▶ **WHAT IS REQUIRED**
Without the pictures, set down every record below exactly as it reads.

▶ **MATERIAL SHOWN**
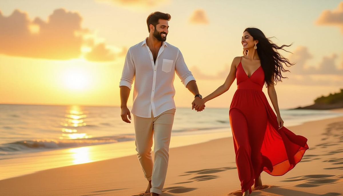 This ultra-realistic image captures a romantic couple at a luxury beach resort during a golden sunset. Warm light reflects on the sand and water, creating a joyous atmosphere.
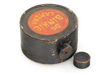 The Binkie is a cardboard camera with 5 glass plates 4x5 cm. The lens cap serves as shutter. The plates are moved into position by rotating the bottom.
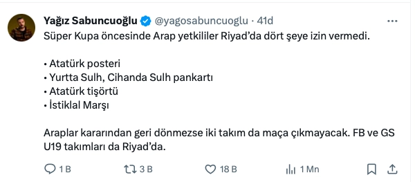 Gazeteci Yağız Sabuncuoğlu da Suudi yetkililerin Riyad’da "Atatürk posteri", "Yurtta Sulh, Cihanda Sulh pankartı", "Atatürk tişörtü" ve "İstiklal Marşı"na izin vermediğini belirterek karadan dönülmez ise iki takımın maça çıkmayacağı yönünde bir paylaşım yaptı.
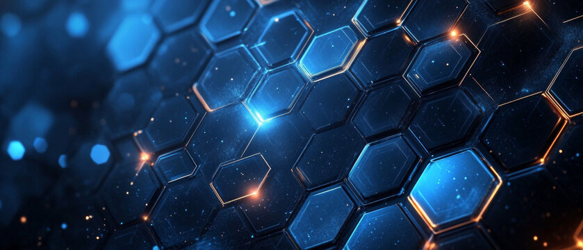 A luminous network of geometric shapes creates a futuristic atmosphere for digital presentations, suitable as an innovative backdrop at technology exhibitions.
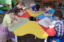 Бакчабызга "Ромашка"чәчәге итеп ясалган өстәлләр кайтты.Аларны җыю өчен беренчеләрдән булып Мухаметзянов Рәмис һәм Ильназлар гаиләсе ярдәмгә килде.Аларның гаиләләренә зур рәхмәтебезне җиткерәбез, исәнлек -саулык теләп калабыз/В наш детсий сад привезли новые столы.Собрать их нам помогли родители наших воспитанников. Семьям Мухаметзяновым большое спасибо.
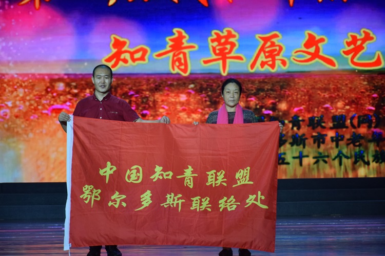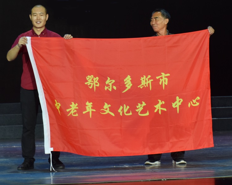 将鄂尔多斯市中老年文化艺术中心的旗帜交给彭宇。
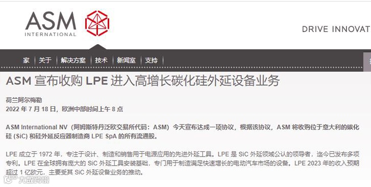 7月18日,荷兰半导体设备制造商 ASM International 宣布收购意大利 SiC 外延设备制造商 LPE。

▶ **SOLUTION TO THE PROBLEM**
 This ultra-realistic image captures a romantic couple at a luxury beach resort during a golden sunset. Warm light reflects on the sand and water, creating a joyous atmosphere.
 The Binkie is a cardboard camera with 5 glass plates 4x5 cm. The lens cap serves as shutter. The plates are moved into position by rotating the bottom.
 Gazeteci Yağız Sabuncuoğlu da Suudi yetkililerin Riyad’da "Atatürk posteri", "Yurtta Sulh, Cihanda Sulh pankartı", "Atatürk tişörtü" ve "İstiklal Marşı"na izin vermediğini belirterek karadan dönülmez ise iki takımın maça çıkmayacağı yönünde bir paylaşım yaptı.
 A luminous network of geometric shapes creates a futuristic atmosphere for digital presentations, suitable as an innovative backdrop at technology exhibitions.
 Бакчабызга "Ромашка"чәчәге итеп ясалган өстәлләр кайтты.Аларны җыю өчен беренчеләрдән булып Мухаметзянов Рәмис һәм Ильназлар гаиләсе ярдәмгә килде.Аларның гаиләләренә зур рәхмәтебезне җиткерәбез, исәнлек -саулык теләп калабыз/В наш детсий сад привезли новые столы.Собрать их нам помогли родители наших воспитанников. Семьям Мухаметзяновым большое спасибо.
 将鄂尔多斯市中老年文化艺术中心的旗帜交给彭宇。
 7月18日,荷兰半导体设备制造商 ASM International 宣布收购意大利 SiC 外延设备制造商 LPE。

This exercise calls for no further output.